The Verizon iPhone Is Too Late - Dan Lyons - dave1619
http://www.newsweek.com/2011/01/12/the-verizon-iphone-is-too-late.html

======
dave1619
“Android is a global phenomenon,” he says. “The big deal is, Android is free
software, and handsets that can run it are getting super-cheap. So we are
going to see a massive shift from 'dumb phones' to 'smart phones' around the
world this year, and iPhone will not be the big beneficiary of that trend.”

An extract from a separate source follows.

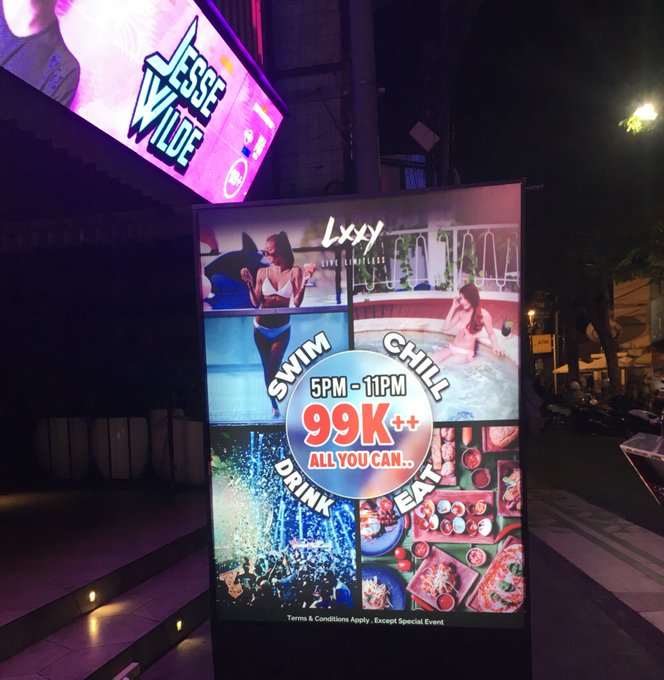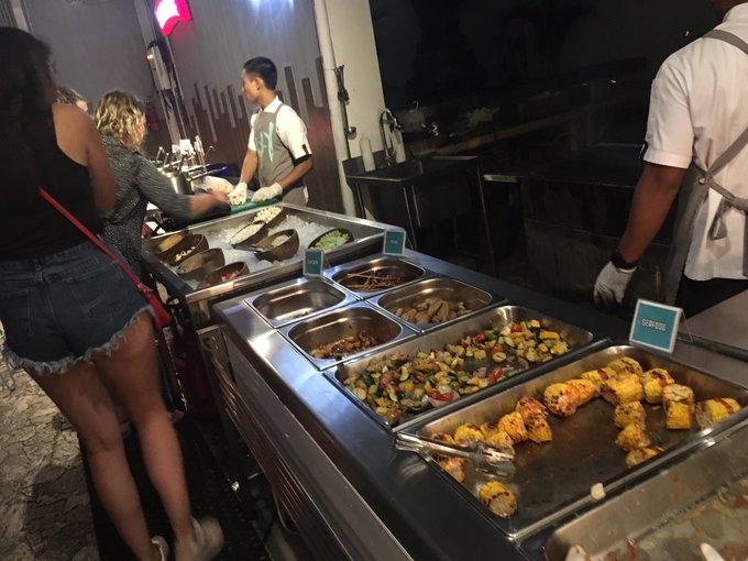 夕方から5時から夜11時まで屋上階で食べ放題&酒飲み放題&チルし放題で99,000IDR(約800円)だけど、屋上はクラブというかちょっと混み合った普通のレストラン。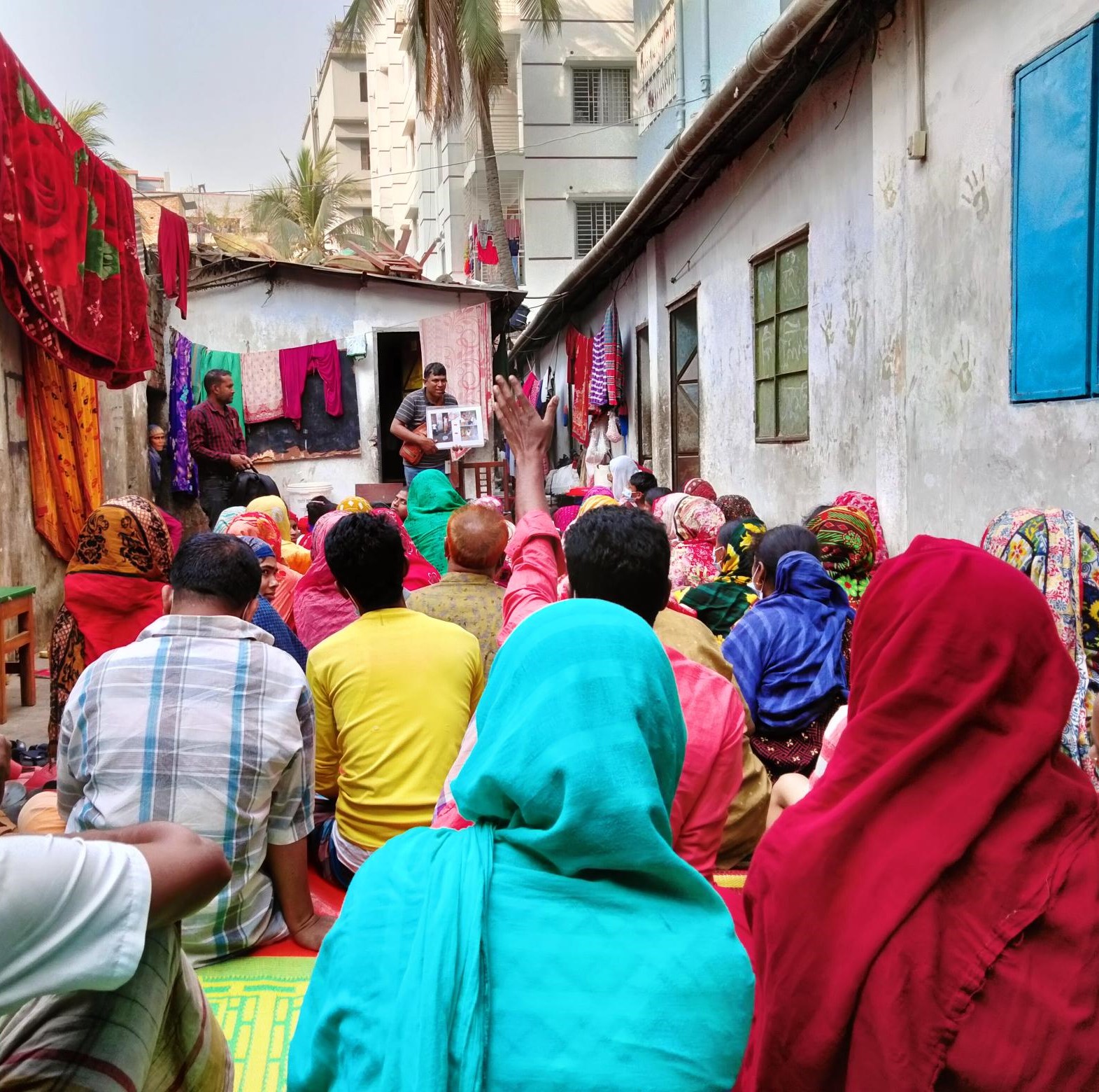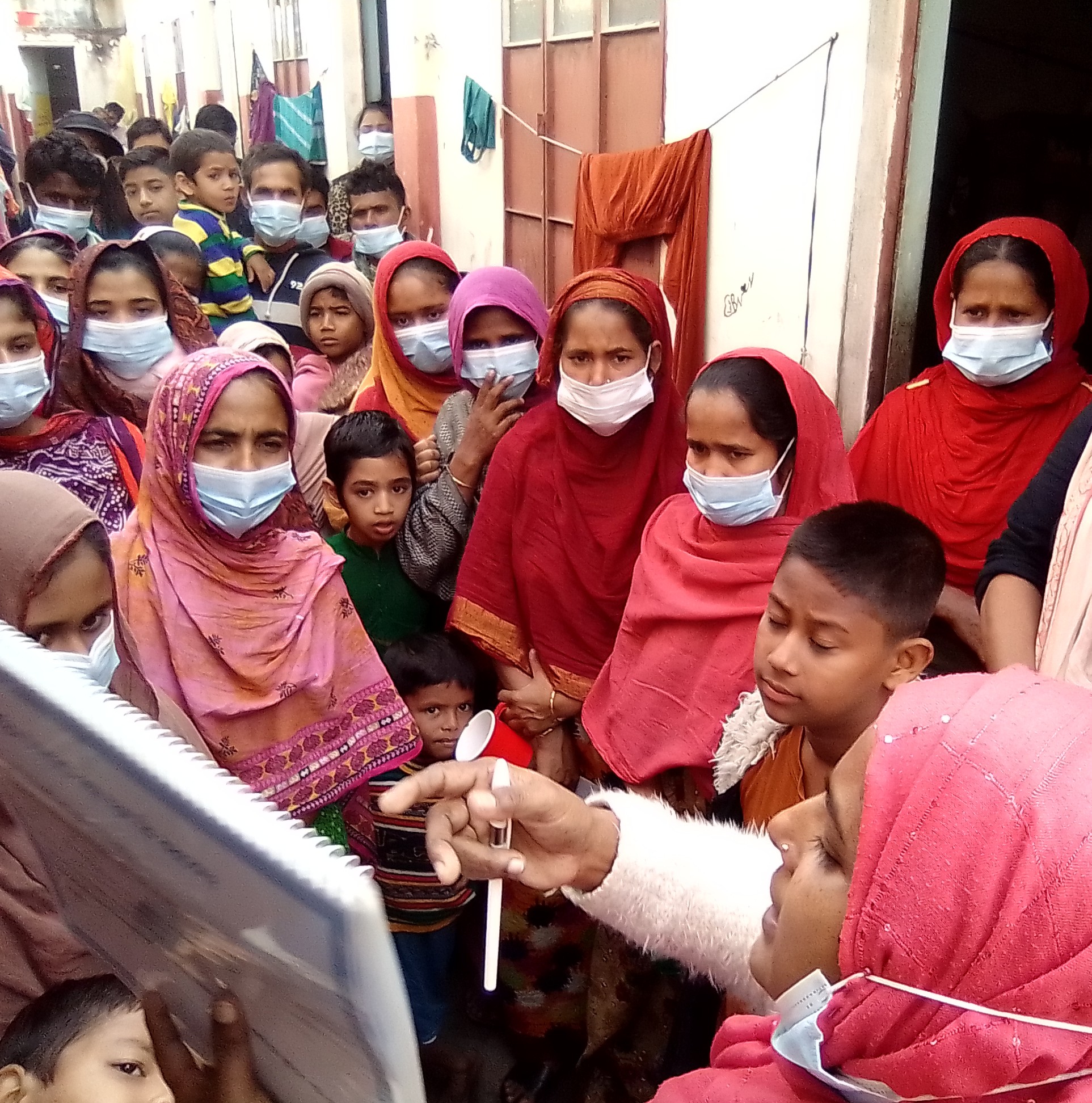 Cholera patient family members and neighbors listen to a CHoBI7 health promoter.

Hmmm, not sure how you can argue against that. Unless Apple comes out with a
cheaper version iPhone.

------
dmfdmf
I think there is a huge pent up demand for the iphone on Verizon. People have
been putting off getting a smartphone until it was available on Verizon not
ATT. Moreover, by the end of this year how many people are going to be at the
end of their Android contract and want to jump to the iphone? How many bought
the Android as a stopgap till they could get the iphone on Verizon? Quite a
few I think. Also its not just the technology that is driving this -- there is
a huge "cool" (i.e. social status signal) factor that is associated with the
iphone and more generally with Apple that is easy to underestimated.

------
8ig8
Related, Gruber's rebuttal: <http://news.ycombinator.com/item?id=2102659>